Now we will consider two different groups from the given data set, one with students who are placed and other with students who are not placed.
mba <- read.csv('MBA Starting Salaries Data.csv',header=T, na.strings=c(""," ","999","998","NA"))
mba$Placed = (mba$salary >1000)
mytab <- xtabs(~ Placed+sex, data=mba)
round(ftable(addmargins(prop.table(mytab))),2)
## sex 1 2 Sum
## Placed
## FALSE 0.35 0.12 0.47
## TRUE 0.37 0.16 0.53
## Sum 0.72 0.28 1.00
mytab2 <- xtabs(~ Placed+frstlang, data=mba)

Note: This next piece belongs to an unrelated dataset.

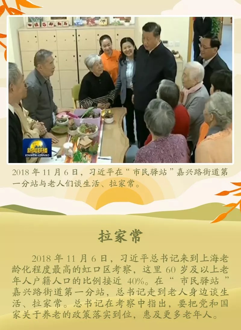 由小家而大家,由父母而天下老人。2016年5月29日,習(xí)總書記在參加中共中央政治局第三十二次集體學(xué)習(xí)時強(qiáng)調(diào),要推動老齡事業(yè)全面協(xié)調(diào)可持續(xù)發(fā)展,要把弘揚孝親敬老納入社會主義核心價值觀宣傳教育。尊老敬賢,習(xí)近平情意濃濃。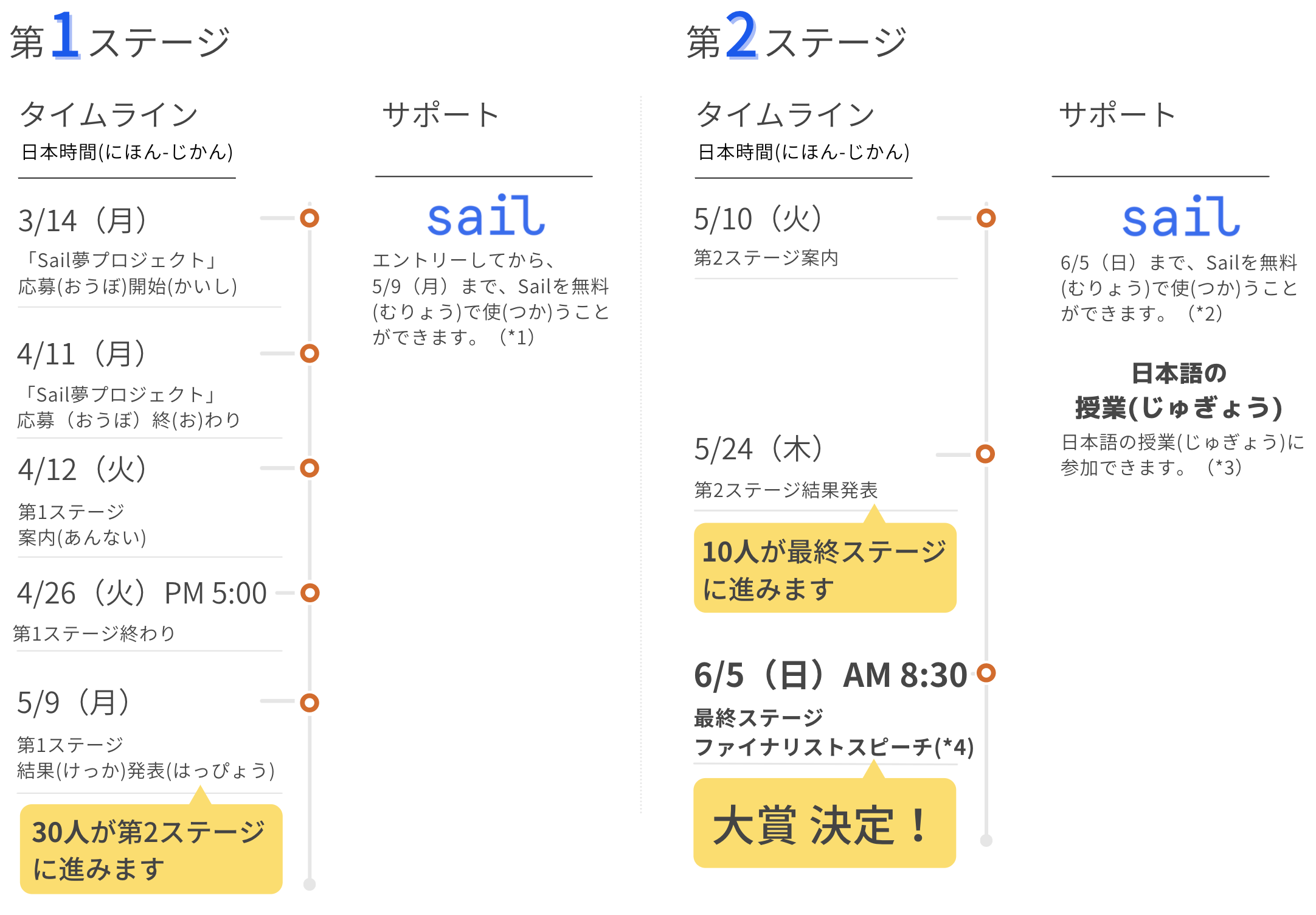 国内外の豪華なゲストや審査員を招待し、入賞者は日本への招待や日本企業でのインターンシップの機会等を提供いたします。約1ヶ月半という期間の中で日本での就職や留学を目指す世界Sailerたちを日本全国の多種多様な経験を持つ日本Sailerが全力サポート。Sailを通じて日本文化や日本語を学ぶきっかけ、日本語を使う仕事、日本で働く一歩となるきっかけを提供いたします。

round(ftable(addmargins(prop.table(mytab2))),2)
## frstlang 1 2 Sum
## Placed
## FALSE 0.42 0.04 0.47
## TRUE 0.50 0.04 0.53
## Sum 0.92 0.08 1.00
chisq.test(mytab)
##
## Pearson's Chi-squared test with Yates' continuity correction
##
## data: mytab
## X-squared = 0.29208, df = 1, p-value = 0.5889
chisq.test(mytab2)
##
## Pearson's Chi-squared test with Yates' continuity correction
##
## data: mytab2
## X-squared = 0.074127, df = 1, p-value = 0.7854
SO, > Among placed, Males are in higher proportions than females. > Students with English as the first language are in higher proportion than the ones having other languages as first language in placed students.